Recently some publication had a nice article about this RR that included a track plan and an over-all photo. Can you tell me what date and pub. it was? Many thanks


Charley


----------



## Randy Stone (Jan 2, 2008)

I believe it was the April 2007 Issue. 

http://www.trains.com/grw/default.aspx?c=a&id=235 


Randy


----------



## CCSII (Jan 3, 2008)

I've got that issue and it does not have "Snow Creek" in it. Not sure what GR means by the info at your link. 

Thanks 

Charley


----------



## Greg Elmassian (Jan 3, 2008)

The date shown when you follow the link is 2006, not 2007 

It sort of seems to say that the photos are only available on the web. 

Regards, Greg


----------



## CCSII (Jan 3, 2008)

If you go to the April 2006 issue table of contents, there is no mention of Bob's railroad.


----------



## joe rusz (Jan 3, 2008)

Charley, the most bvious story on BobTreat's Snow Creek Railway is in the February 2005 issue of GR. It's featured on the cover and in an extensive spread. However, over the past few years, Bob has done articles on making rocks out of cement (crumple up aluminum foil, put it in a hole in the ground, pour in concrete mix, let dry), although I don't recall when. I have GR going back a while, but good luck trying to find a particular issue. 

Also, Bob railway has been featured in MR, I think, but again, without digging through hundreds of back issues, I don't recall when. Did you Google every possibible combination of Bob Treat, Snow Creek, modeling, etc? 

Of course you could try calling him (he may be in the San Diego phone book). Or call MR or GR. It would be easier for them to search their electronic data base than it would be to plow through countless back issues. 

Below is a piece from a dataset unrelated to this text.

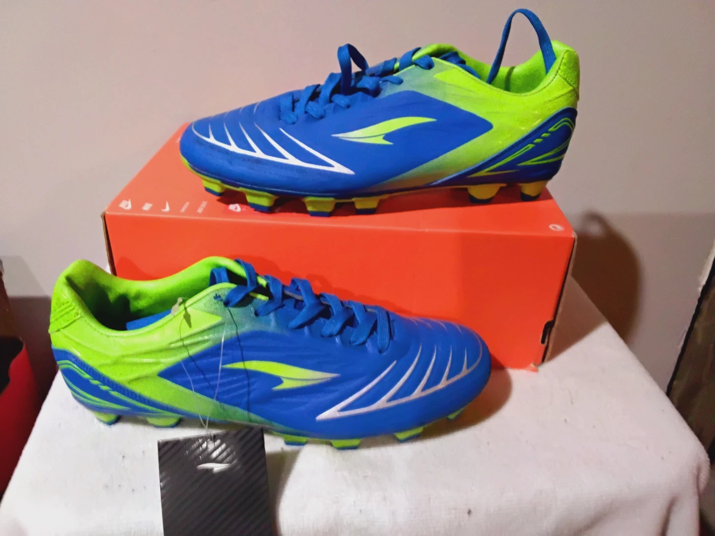 These are Puma soccer cleats in a vibrant blue and neon green colorway. They feature a durable synthetic upper and a multi-studded outsole for optimal traction on the field. These cleats are designed for play on firm ground surfaces. Size:5.5

BTW, while looking for the issue you sought, I came across a whole stack of 2008 issues that had some great stories. I totally forgot about them, and now I can reread them and enjoy them anew. See, that's why I love my magazines.


----------



## toddalin (Jan 4, 2008)

He did an open house just about a month ago for the Cajon Division of the NMRA. They have a Yahoo group that he was advertised on recenttly for it.


----------



## wigginsn (Jan 9, 2008)

The concrete rock article was in GR, Aug 2001. 

No track plan but some very nice shots 

Cheers 
Neil


----------



## CCSII (Jan 3, 2008)

Thanks all. 

The Feb 2005 back issue contents list the SCRR so I have ordered a copy. 

Charley


----------